Please return exactly the lines from the beginning of the listing up to and including the line with "为推动深入贯彻中央八项规定精", with no pictures.

SUPPLIED DATA:
* * *
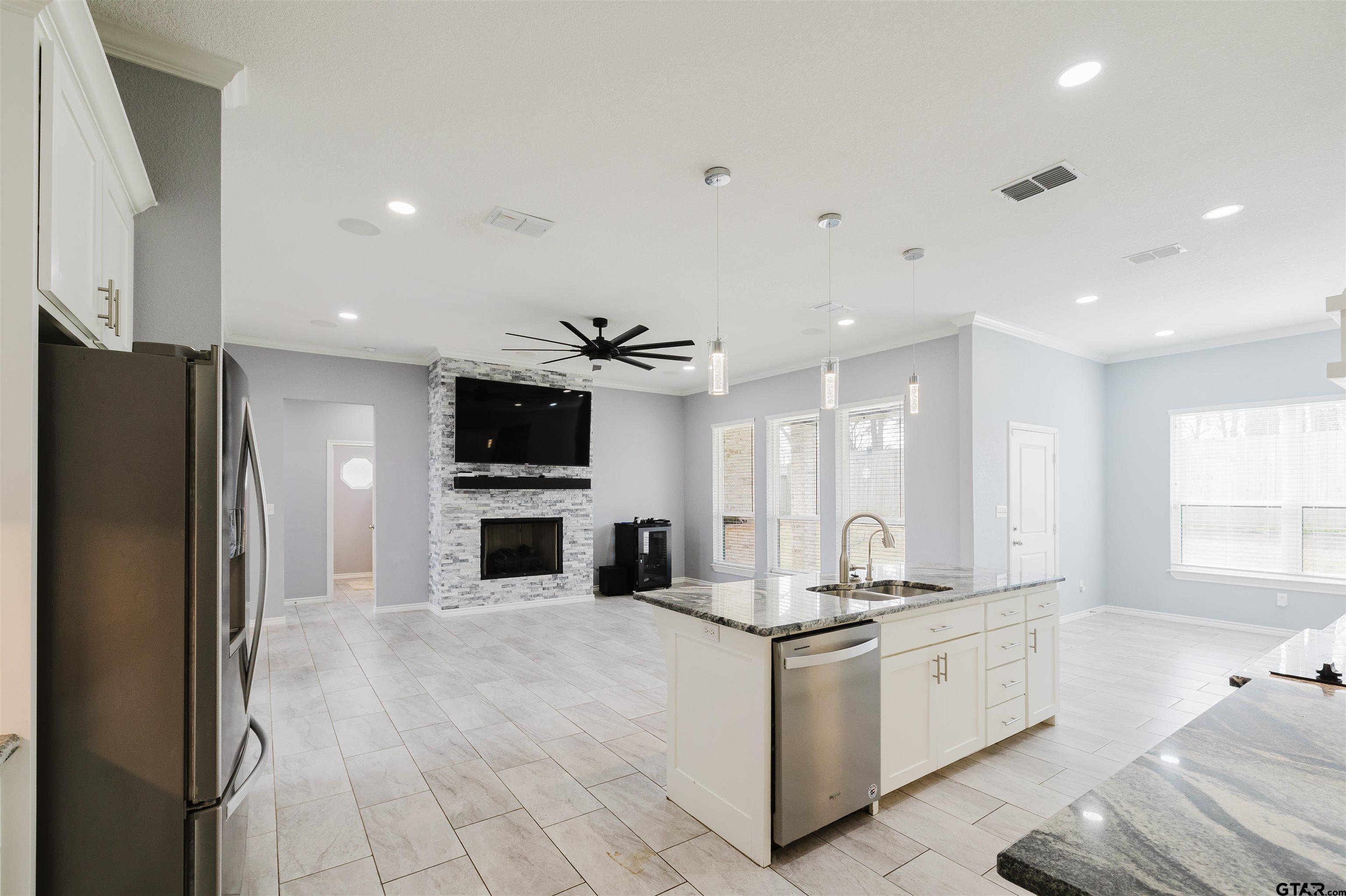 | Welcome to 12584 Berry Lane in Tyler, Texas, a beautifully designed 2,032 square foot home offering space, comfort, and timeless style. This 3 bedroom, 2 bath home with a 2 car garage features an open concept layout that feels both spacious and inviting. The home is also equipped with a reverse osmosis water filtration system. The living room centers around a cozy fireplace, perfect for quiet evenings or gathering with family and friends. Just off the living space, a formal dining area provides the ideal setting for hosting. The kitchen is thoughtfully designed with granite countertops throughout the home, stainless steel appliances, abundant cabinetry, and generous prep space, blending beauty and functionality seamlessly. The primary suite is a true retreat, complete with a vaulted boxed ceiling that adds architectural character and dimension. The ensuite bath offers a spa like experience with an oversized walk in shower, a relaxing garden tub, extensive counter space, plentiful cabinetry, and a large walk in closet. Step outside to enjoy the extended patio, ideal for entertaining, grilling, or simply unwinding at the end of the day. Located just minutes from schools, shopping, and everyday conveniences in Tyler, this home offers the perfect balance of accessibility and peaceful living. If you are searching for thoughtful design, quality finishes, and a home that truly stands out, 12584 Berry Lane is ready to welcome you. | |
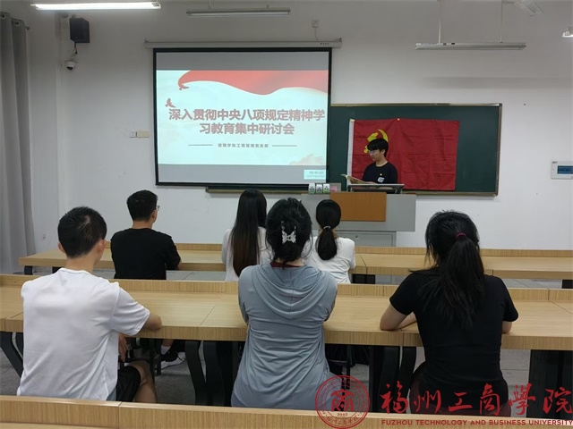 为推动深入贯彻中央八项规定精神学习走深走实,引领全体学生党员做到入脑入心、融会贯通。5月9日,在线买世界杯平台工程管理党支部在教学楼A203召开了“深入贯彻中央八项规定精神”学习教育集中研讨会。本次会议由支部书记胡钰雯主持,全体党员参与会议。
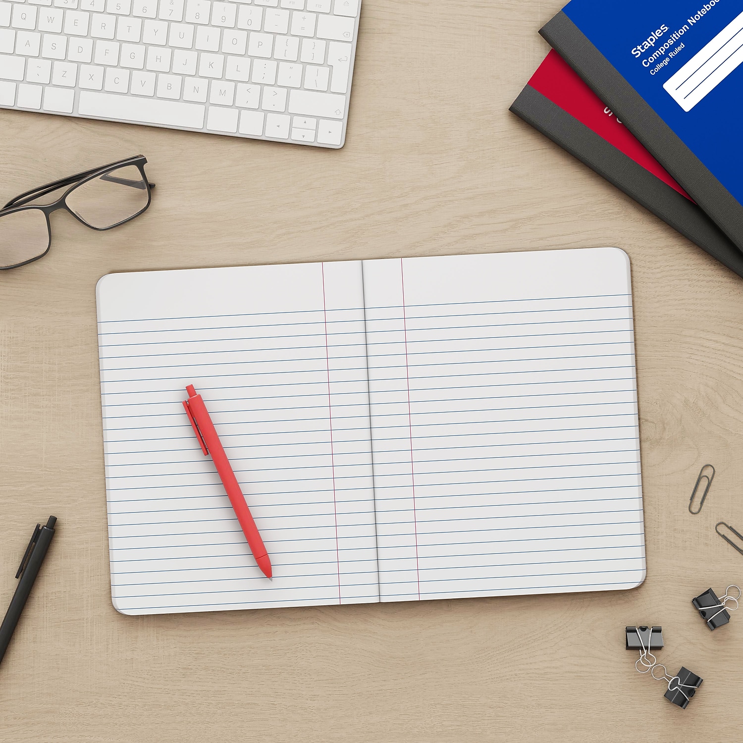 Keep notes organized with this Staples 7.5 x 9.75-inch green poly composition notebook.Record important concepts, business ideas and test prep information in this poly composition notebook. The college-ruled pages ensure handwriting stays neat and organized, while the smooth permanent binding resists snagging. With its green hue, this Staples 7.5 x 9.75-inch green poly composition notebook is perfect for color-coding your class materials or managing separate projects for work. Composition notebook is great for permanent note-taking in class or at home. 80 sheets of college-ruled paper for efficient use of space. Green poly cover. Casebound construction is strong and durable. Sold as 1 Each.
* * *
WRITTEN REPLY:
 | Welcome to 12584 Berry Lane in Tyler, Texas, a beautifully designed 2,032 square foot home offering space, comfort, and timeless style. This 3 bedroom, 2 bath home with a 2 car garage features an open concept layout that feels both spacious and inviting. The home is also equipped with a reverse osmosis water filtration system. The living room centers around a cozy fireplace, perfect for quiet evenings or gathering with family and friends. Just off the living space, a formal dining area provides the ideal setting for hosting. The kitchen is thoughtfully designed with granite countertops throughout the home, stainless steel appliances, abundant cabinetry, and generous prep space, blending beauty and functionality seamlessly. The primary suite is a true retreat, complete with a vaulted boxed ceiling that adds architectural character and dimension. The ensuite bath offers a spa like experience with an oversized walk in shower, a relaxing garden tub, extensive counter space, plentiful cabinetry, and a large walk in closet. Step outside to enjoy the extended patio, ideal for entertaining, grilling, or simply unwinding at the end of the day. Located just minutes from schools, shopping, and everyday conveniences in Tyler, this home offers the perfect balance of accessibility and peaceful living. If you are searching for thoughtful design, quality finishes, and a home that truly stands out, 12584 Berry Lane is ready to welcome you. | |
 为推动深入贯彻中央八项规定精神学习走深走实,引领全体学生党员做到入脑入心、融会贯通。5月9日,在线买世界杯平台工程管理党支部在教学楼A203召开了“深入贯彻中央八项规定精神”学习教育集中研讨会。本次会议由支部书记胡钰雯主持,全体党员参与会议。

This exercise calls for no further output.